On 7/11/2016 7:23 PM, deadalnix wrote:
On Tuesday, 12 July 2016 at 01:28:31 UTC, Walter Bright wrote:
I don't see anything actionable in your comment.
Defining by which way @safe actually ensure safety would be a good start.
I'm sorry for the frustration, but the "mention a problem, get asked for
an example, provide example, example is debated to death while problem
is ignored" cycle have become the typical interraction pattern around
here and that is VERY frustrating.
The example you gave of .ptr resulting in unsafe code has been in
bugzilla since 2013, and has an open PR on it to fix it.
https://issues.dlang.org/show_bug.cgi?id=11176
You didn't submit it to bugzilla - if you don't post problems to
bugzilla, most likely they will get overlooked, and you will get
frustrated. @safe issues are tagged with the 'safe' keyword in bugzilla.
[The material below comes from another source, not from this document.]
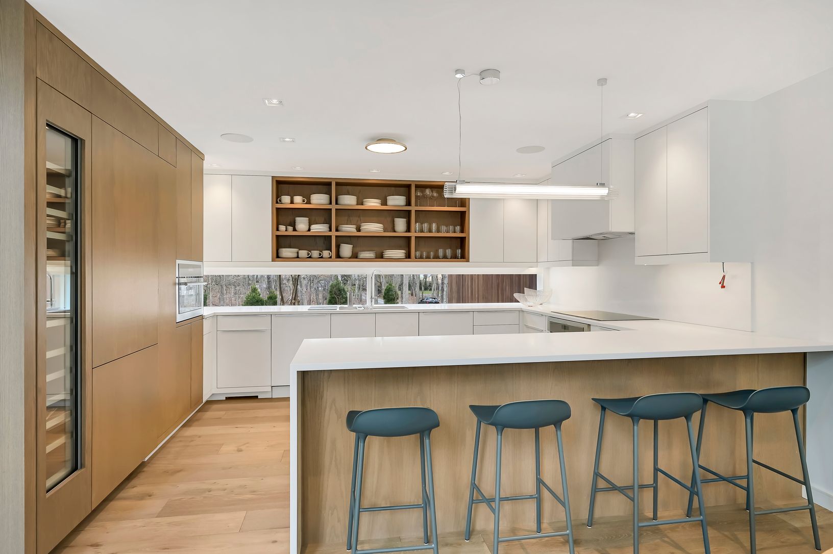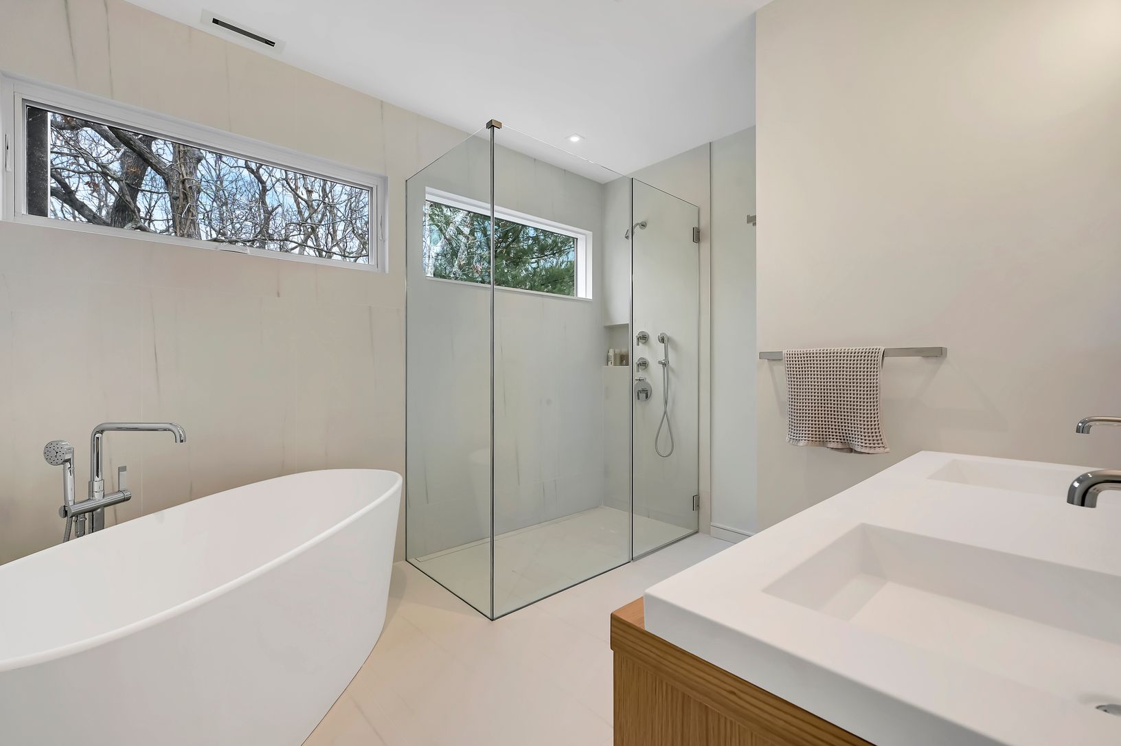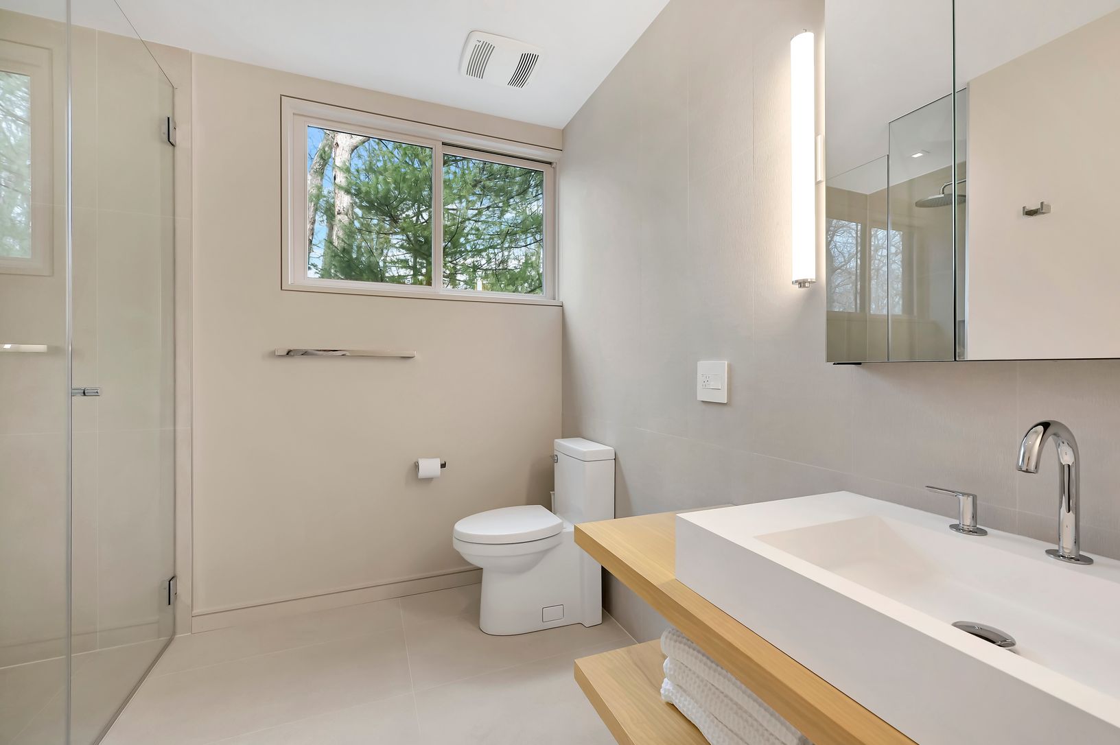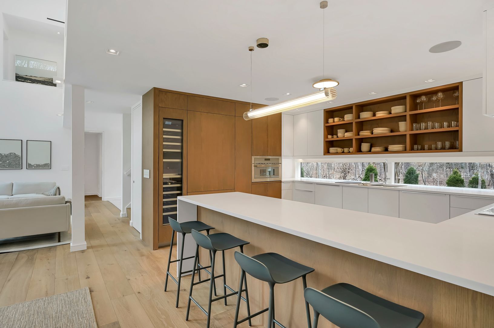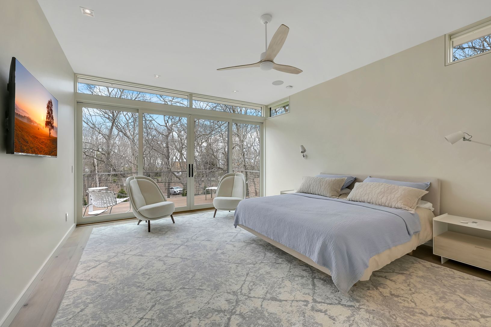 This new modern home is available for the first time as a rental. Located in the Northwest Woods, directly across from the Bay, it incorporates a sleek modern feel but with a warm California vibe. Sited well off the road on a shy acre, everything you would want as a summer rental is included. All bedrooms have ensuite bathrooms. The main level features a large living area bathed in light from multiple skylights and large windows. There is a sl

If you know of other bugs with @safe, and they aren't in the list,
please add them. Saying generically that @safe has holes in it is
useless information since it is not actionable and nobody keeps track of
bugs posted on the n.g. nor are they even findable if you suspect
they're there.
----
If I may rant a bit, lots of posters here posit that with "more
process", everything will go better. Meanwhile, we DO have process for
bug reports. They go to bugzilla. Posting bugs to the n.g. does not
work. More process doesn't work if people are unwilling to adhere to it.